What to work on: Please make an exact copy of the lines from the one holding "Figure 2. Atelier" through the end of the data, both ends included, with no pictures.

*** Begin section ***

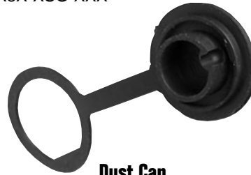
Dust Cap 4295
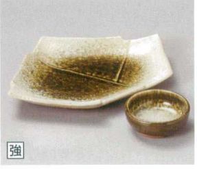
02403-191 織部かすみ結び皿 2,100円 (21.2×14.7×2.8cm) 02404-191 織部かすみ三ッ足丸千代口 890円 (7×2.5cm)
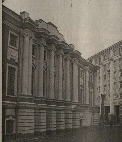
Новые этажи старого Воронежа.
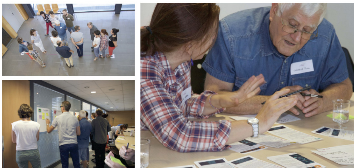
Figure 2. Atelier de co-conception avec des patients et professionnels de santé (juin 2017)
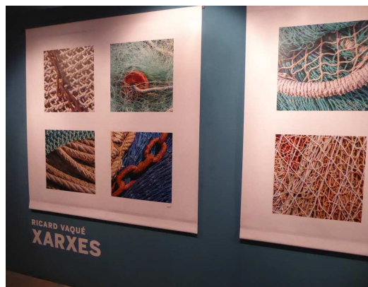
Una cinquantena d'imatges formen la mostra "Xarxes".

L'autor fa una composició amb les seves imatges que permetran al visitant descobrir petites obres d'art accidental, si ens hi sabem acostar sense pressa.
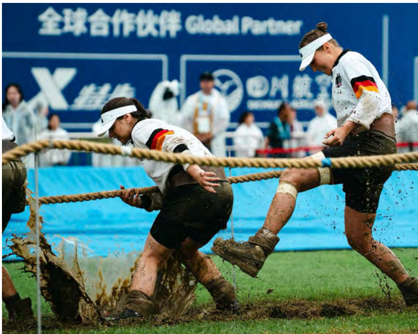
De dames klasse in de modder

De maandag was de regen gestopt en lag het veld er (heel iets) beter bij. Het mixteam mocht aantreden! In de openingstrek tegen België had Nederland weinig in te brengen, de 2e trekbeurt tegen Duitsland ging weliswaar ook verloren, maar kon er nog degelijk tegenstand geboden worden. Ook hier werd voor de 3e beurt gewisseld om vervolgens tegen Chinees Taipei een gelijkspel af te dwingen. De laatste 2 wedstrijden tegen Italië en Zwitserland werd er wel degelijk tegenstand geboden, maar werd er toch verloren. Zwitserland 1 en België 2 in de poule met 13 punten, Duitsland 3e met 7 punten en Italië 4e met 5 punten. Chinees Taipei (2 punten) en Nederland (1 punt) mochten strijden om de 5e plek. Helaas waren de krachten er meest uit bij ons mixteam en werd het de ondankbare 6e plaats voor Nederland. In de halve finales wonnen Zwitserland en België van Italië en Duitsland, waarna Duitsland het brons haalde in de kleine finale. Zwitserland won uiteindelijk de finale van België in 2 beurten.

*** End section ***

Task answer:
Figure 2. Atelier de co-conception avec des patients et professionnels de santé (juin 2017)
Una cinquantena d'imatges formen la mostra "Xarxes".

L'autor fa una composició amb les seves imatges que permetran al visitant descobrir petites obres d'art accidental, si ens hi sabem acostar sense pressa.
De dames klasse in de modder

De maandag was de regen gestopt en lag het veld er (heel iets) beter bij. Het mixteam mocht aantreden! In de openingstrek tegen België had Nederland weinig in te brengen, de 2e trekbeurt tegen Duitsland ging weliswaar ook verloren, maar kon er nog degelijk tegenstand geboden worden. Ook hier werd voor de 3e beurt gewisseld om vervolgens tegen Chinees Taipei een gelijkspel af te dwingen. De laatste 2 wedstrijden tegen Italië en Zwitserland werd er wel degelijk tegenstand geboden, maar werd er toch verloren. Zwitserland 1 en België 2 in de poule met 13 punten, Duitsland 3e met 7 punten en Italië 4e met 5 punten. Chinees Taipei (2 punten) en Nederland (1 punt) mochten strijden om de 5e plek. Helaas waren de krachten er meest uit bij ons mixteam en werd het de ondankbare 6e plaats voor Nederland. In de halve finales wonnen Zwitserland en België van Italië en Duitsland, waarna Duitsland het brons haalde in de kleine finale. Zwitserland won uiteindelijk de finale van België in 2 beurten.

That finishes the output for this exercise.